*TASK:* Output the full listing below exactly as it reads, and skip anything that is a picture.

*THE DATA:*

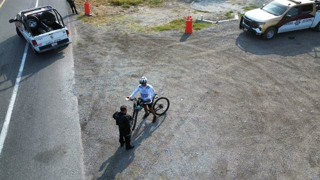 Jiménez, Tamaulipas (9-Marzo-2026).- A través de cordillera, personal de la Guardia Estatal de Apoyo Carretero se encuentra brindando seguridad a un ciclista participante del movimiento ‘’Rodando por Tamaulipas’’.
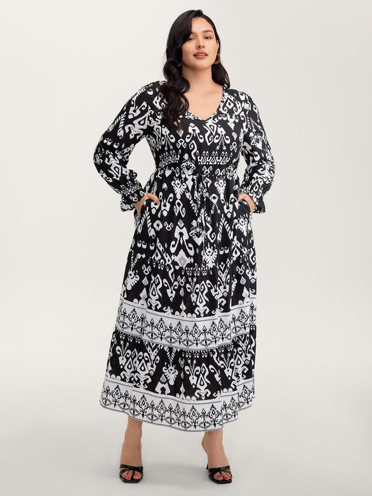 SAVE 60%Stretchy Waist Boho Print Midi Dress
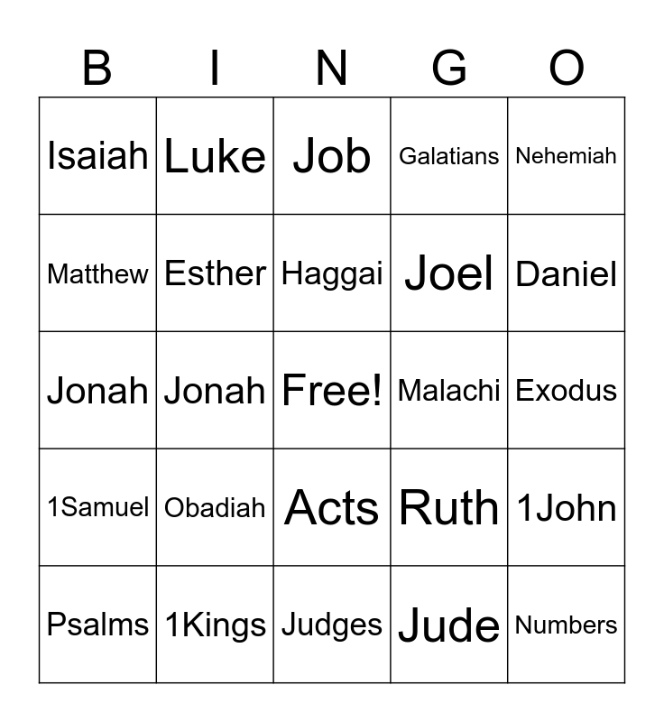 This bingo card has a free space and 29 words: Genesis, 1Kings, Job, 1Peter, Nehemiah, Isaiah, Esther, Haggai, Malachi, 1John, Psalms, Jonah, Jude, Numbers, Jonah, Luke, Judges, Ruth, Daniel, 1Samuel, Obadiah, Proverbs, Joel, Exodus, Matthew, Luke, Acts, Galatians and Titus.

*REPLY:*
 Jiménez, Tamaulipas (9-Marzo-2026).- A través de cordillera, personal de la Guardia Estatal de Apoyo Carretero se encuentra brindando seguridad a un ciclista participante del movimiento ‘’Rodando por Tamaulipas’’.
 SAVE 60%Stretchy Waist Boho Print Midi Dress
 This bingo card has a free space and 29 words: Genesis, 1Kings, Job, 1Peter, Nehemiah, Isaiah, Esther, Haggai, Malachi, 1John, Psalms, Jonah, Jude, Numbers, Jonah, Luke, Judges, Ruth, Daniel, 1Samuel, Obadiah, Proverbs, Joel, Exodus, Matthew, Luke, Acts, Galatians and Titus.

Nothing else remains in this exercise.